The approach includes boiling down the leftover marinade into a thickened sauce to glaze the chops, adding richness and moisture. Alongside the meat, a watermelon salad is dressed with a simple combination of rice wine vinegar, honey, oil, salt, and fresh herbs including mint and cilantro, finished with crumbled feta cheese. This salad adds refreshing sweet and herbal notes that balance the pork’s bold flavor.
This recipe makes for a balanced and colorful meal pairing smoky grilled pork with a crisp, cool salad.

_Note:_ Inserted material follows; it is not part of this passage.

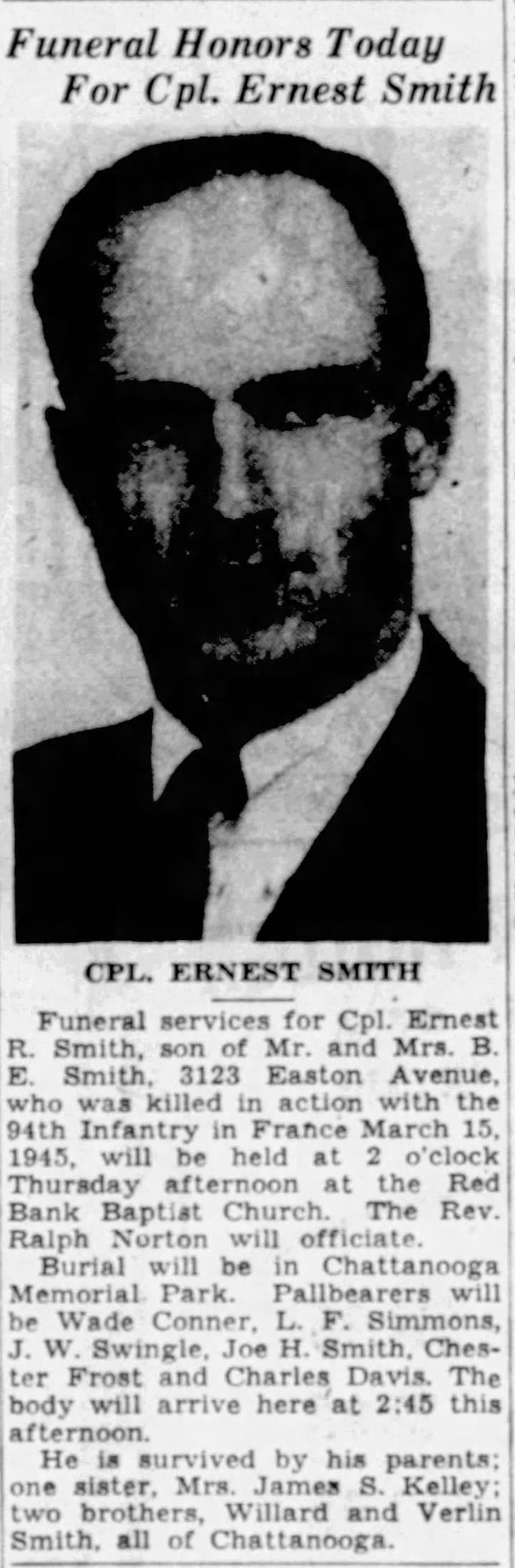 Cpl. Smith is survived by his parents; wife, Mrs. Louise Wallace Smith, Daytona Beach, Fla.; two brothers, Sgt. Willard Smith in Germany; Verlin Smith, Chattanooga and one sister, Mrs. James Kelley of the circulation department, Chattanooga Publishing Company. He was the grandson of Mrs. Elizabeth Smith, who resides on Oak Street.

It demonstrates a creative fusion of Korean-inspired marinade and summery, fresh side.
Ingredients
Gochujang Pork Chops
- ¼ cup rice wine vinegar
- 2 tablespoons gochujang gluten-free if needed, homemade for paleo
- 1 tablespoon honey gluten-free if needed, coco aminos for paleo
- 1 tablespoon oil
- 1 tablespoon soy sauce
- 4 pork chops
Herb Watermelon Salad
- 1 tablespoon rice wine vinegar
- ½ tablespoon honey
- ½ tablespoon oil
- sea salt a generous pinch
- 3 cups watermelon diced
- 2 tablespoons mint see notes, chopped (mint and cilantro
- 2 tablespoons cilantro
- 2 tablespoons feta cheese
Instructions
- In a medium-sized bowl, whisk the rice wine vinegar, gochujang, honey, oil, and soy sauce. Place the pork chops in a shallow baking dish and pour the marinade over the top. Mix the pork chops around a little so they are covered in the marinade. Place them in your fridge and let them marinate for 1-12 hours.
- Oil and heat your grill on high. You want your BBQ as hot as it can get.
- While your BBQ is preheating, make the rest of the dinner. Note: if you are serving this with rice, make that now.
- In a small bowl, make the salad dressing by whisking the rice wine vinegar, honey, oil, and salt. Place the watermelon, mint, cilantro, and feta cheese in a medium-sized bowl.
- Take the pork chops out of the marinade and pour the marinade into a small frying pan over high heat. Rapidly boil the marinade for 2-3 minutes, or until it has thickened and looks like runny BBQ sauce.
- Grill the pork chops for 3-4 minutes per side. Toss the watermelon salad with the dressing. Dig in!
Notes
- Bone-in pork chops help retain juiciness during grilling; boneless chops need slightly reduced cooking time.
- Feta cheese may be swapped for goat cheese in the watermelon salad based on preference.
- For quicker preparation, pork chops can be grilled without marinating and then brushed with reduced marinade sauce after cooking.
- Marinating intensifies flavor and tenderness but can be shortened if needed for fast meals.
Nutrition Information
Show DetailsNutrition Facts
Serving: 4servings
Amount Per Serving
Calories 349 kcal
% Daily Value*
| Serving | 1 pork chop with ¼ of the salad | |
| Calories | 349kcal | 17% |
| Carbohydrates | 18g | 6% |
| Protein | 31g | 62% |
| Fat | 17g | 26% |
| Saturated Fat | 5g | 25% |
| Polyunsaturated Fat | 3g | 18% |
| Monounsaturated Fat | 8g | 40% |
| Trans Fat | 1g | 50% |
| Cholesterol | 97mg | 32% |
| Sodium | 424mg | 18% |
| Potassium | 676mg | 14% |
| Fiber | 1g | 4% |
| Sugar | 15g | 30% |
| Vitamin A | 706IU | 14% |
| Vitamin C | 11mg | 12% |
| Calcium | 63mg | 6% |
| Iron | 1mg | 6% |
* Percent Daily Values are based on a 2,000 calorie diet.